So far the passage has been a good one. Sunday, May 3, we awoke to crystal clear blue skies and although quite chilly the weather was grand and the day was exciting for us. We gathered at the Opua Cruising Club at 9:00 AM for the "group photo" which included all boats going to both Fiji and Tonga. We bid farewell to friends who were either leaving later on or heading in other directions. Bill and Judy (Bebe) and Glen and Sally (The Dorothy Marie) came by to help us cast off lines at 10:30 AM, then we pulled into the bay and began slowly circling the anchorage waiting for all of the other rally yachts to get into position. It felt like getting ready for a race, and our adrenaline was surging. We waited for the 10-minute signal, then the 5-minute horn, and then the countdown to start. A thrill ran through our bones as the fleet set off and for a short while stayed relatively close together until we hit open water, where the Tonga fleet sailed eastward as we set a course almost directly due north. For the first day we rolled along in the aftermath of the previous gale. Seas were pitchy and the wind was right on our back. It was too rough to raise the gennaker or the whisker pole for a comfortable wing & wing downwind run, so we turned on the engine and chugged along. For a while we remained in VHF radio contact with Baraka and Warm Rain, but after the first 24 hours we began to lose them. Each night at 19:30 (7:30 PM) the rally boats report in on a "Sked" (what we call a Net), checking in with Opua Offshore Radio's Des Renner. Des first gives a weather report for all cruising areas for both groups, and follows with a roll-call type check-in. Each yacht is called upon to give position (longitude and latitude), course/direction, sea and wind state, boat speed and general status of the crew. This is not so different from other Nets we have participated in, but this is the first professional one we have been part of, and is required of all rally participants. If anything were to happen to us, Des would know roughly where to begin the search - God forbid!

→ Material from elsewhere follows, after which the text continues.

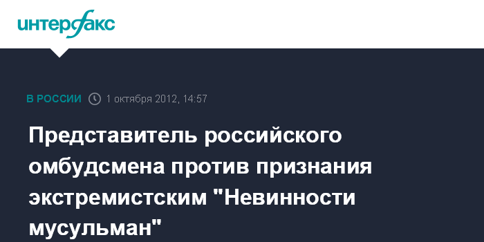 Москва. 1 октября. INTERFAX.RU - Представитель уполномоченного по правам человека в РФ возражает в суде против признания экстремистским размещенного в Интернете антиисламского фильма "Невинность мусульман", вызвавшего массовые беспорядки во многих странах мира.

By day two I was getting sick on the diesel fumes that were pervading the entire cockpit and saloon. I developed a severe headache and nausea. Perhaps because he cannot smell this did not affect Frank in the least. In fact nothing much in the way of smells or stomach disorders affects Frank. He is made of cast iron. Nonetheless, he agreed to go off course a bit and chase the wind so that we could avoid running the engine downwind unless we were getting too far off track. Meanwhile, we snagged a beautiful small Blue Fin Tuna. So for dinner I rubbed the fillets in a little wasabi and then seared them in sesame oil, ginger and a touch of soy sauce. They were delicious.
Tuesday evening we picked up a great westerly wind right on the beam and sailed smoothly and perfectly for about 24 hours. We are playing tag with three other yachts: Charisma, Air-we-go and Mind the Gap. The moon is nearly full and lights up the skies like a spotlight at night. The atmosphere is so clean and clear out here that the stars shine with a brilliance we haven't seen since the Marquesas. I see several falling stars each night and constantly marvel at this beauty God has graced us with if we are silent and still enough to enjoy it.
It has been great beam reach sailing for the past 2 days and so nice staying in radio contact with our friends and being reminded why we are doing this. Thank goodness so far this passage has been most kind indeed. If all goes well we hope to arrive in Fiji on schedule.